Accordingly, a relationship between mental illnesses and neighbourhood green space has been previously reported.6–8 Recent studies in the UK have shown both cross-sectional and longitudinal associations between mental health and green space among younger adults.9–11 Although the literature has suggested a positive influence of natural environments on individual mental health, the associations may vary across different age groups.12 Few studies have explored these associations in older people who have reduced levels of physical function, a lower pattern of outdoor activity and consequently different levels of exposure to the natural environment compared with their younger counterparts.13 Some existing studies have suggested that access to green space is important for age-friendly environments.14 ,15 There has been little research on how the physical environment, and specifically access to green space, may support mental health and well-being among older adults and therefore might be a modifiable influence at the population level. A UK-based study of people aged 65 or above reported that perceived neighbourhood pleasantness, a measure which included the availability of trees and plants, was associated with overall life satisfaction.16 However, the sample size was small (n=271) and measure of exposure to green space was based on self-report. A negative relationship between greenness in local areas and psychological distress of older adults has also been reported in recent studies in South Wales, UK and Australia.6 ,17 These studies measured the proportion of green space in neighbourhoods using satellite images or government databases and found that high exposure to green space in local areas was associated with a 10–20% lower odds of psychological distress. However, the association between natural environments, depression and anxiety, important mental health problems with practical and clinical significance, has not been investigated in older age groups. Using data from a large cohort of older people in England, this study explores the association between area-based exposure to the natural environment, measured according to the objectively defined neighbourhood green space and private gardens, and common mental disorders, based on consistent outcome measures of depression and anxiety symptoms.

Methods

Study population

The Medical Research Council Cognitive Function and Ageing Study (CFAS) is a longitudinal population-based study investigating cognitive and physical decline of people aged 65 years and over in six centres across England and Wales (Liverpool, Cambridgeshire, Gwynedd, Newcastle upon Tyne, Nottingham and Oxford).18 Identical study design and measurement methods were used at each centre except Liverpool, which has been excluded from this analysis.

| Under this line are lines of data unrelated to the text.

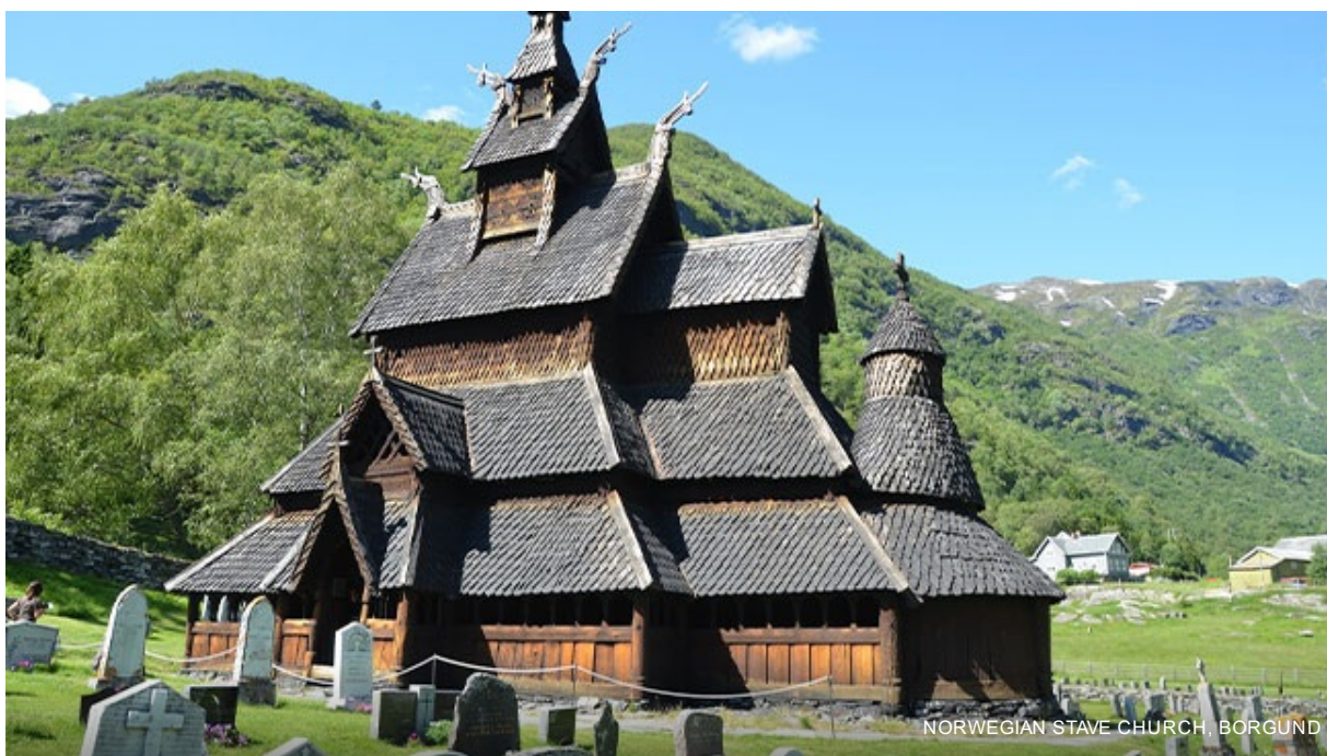
NORWEGIAN STAVE CHURCH, BORGUND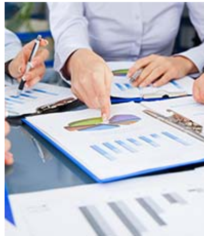
( https://www.keenwealthadvisors.com/resource-center/estate ) ESTATE STRATEGIES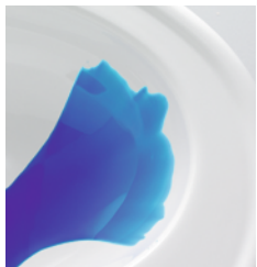
Flow properties of liquids on a conventional ceramic surface.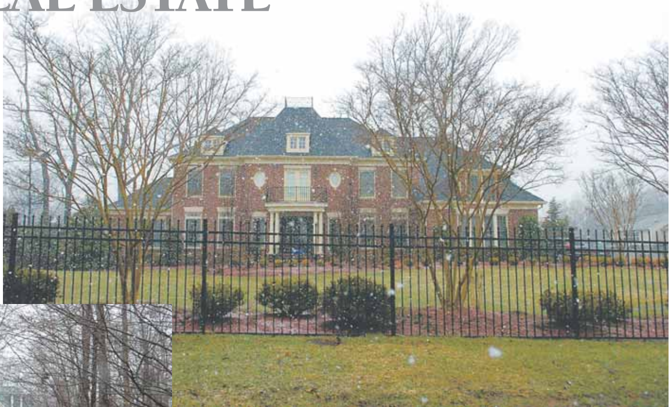
1 3802 Millard Way, Fairfax — $1,700,000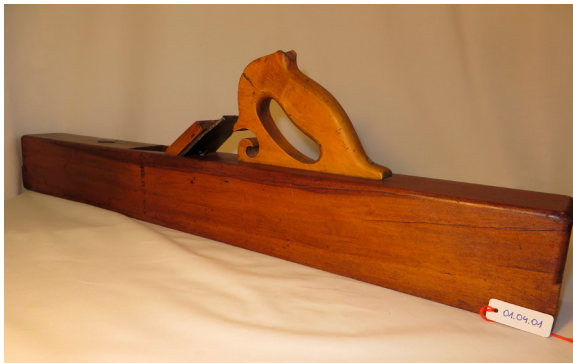
14. Fore plane for working long surfaces, Sweden, early 20 th century; craft product, pear tree wood (?) and hornbeam wood; double irons manufactured by Erik Anton Berg, Eskilstuna, Sweden; slight wear and tear; historicizing ornamentally incised and closed handle leaning to the front, beveled edges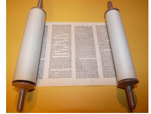
Figure 1: Torah scroll

In a heading such as ‘A reading from the book of Genesis’, we can’t use the sign ‘book’, because the Bible was not printed as a book until the fifteenth century. It is more appropriate, biblically correct and liturgically enriching, to sign ‘scroll’ as in the picture on the right.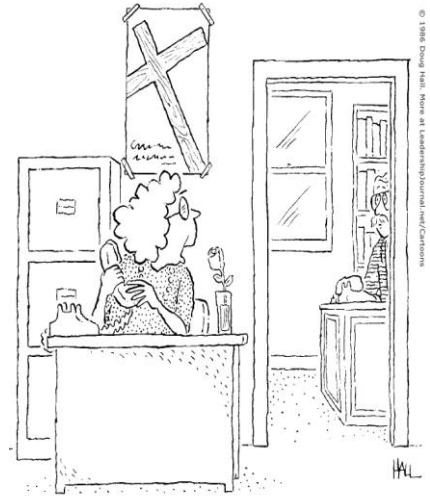
"A man from 'Ripley's Believe It or Not!' want a picture of someone on fire for the Lord."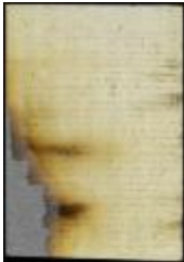
Letter from Ephraim Herman to capt. Brockholls (NYSA_A1879-78_V21_0143)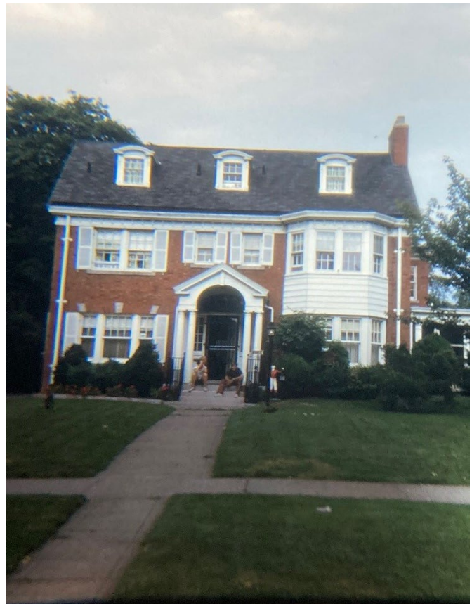
Figure 2: Image of 2184 Iroquois in 1970. HDAB

Full details of CFAS have been described elsewhere.18 In brief, community and institutionalised populations were sampled from primary care registrations in order to capture equal sized samples of individuals aged 65–74 and 75 years and over. Baseline interviews were conducted between 1991 and 1994 and delivered by trained interviewers visiting the participants’ home residence. Among 16 258 individuals invited for the study, 13 004 completed the initial screening interview with a response rate of 80%. The main follow-up waves included 1-year follow-up and a 2-year rescreen, new selection for assessment and further a 1-year follow-up, a 6-year follow-up of the assessed, an 8-year follow-up of a specific subgroup and a 10-year follow-up of the whole sample. The analysis presented here focuses on the 2424 participants who attended the year-10 interview in 2001 from the four English centres (Cambridgeshire, Newcastle upon Tyne, Nottingham and Oxford). The centre in Wales (Gwynedd) was excluded due to the lack of comparable information on area deprivation.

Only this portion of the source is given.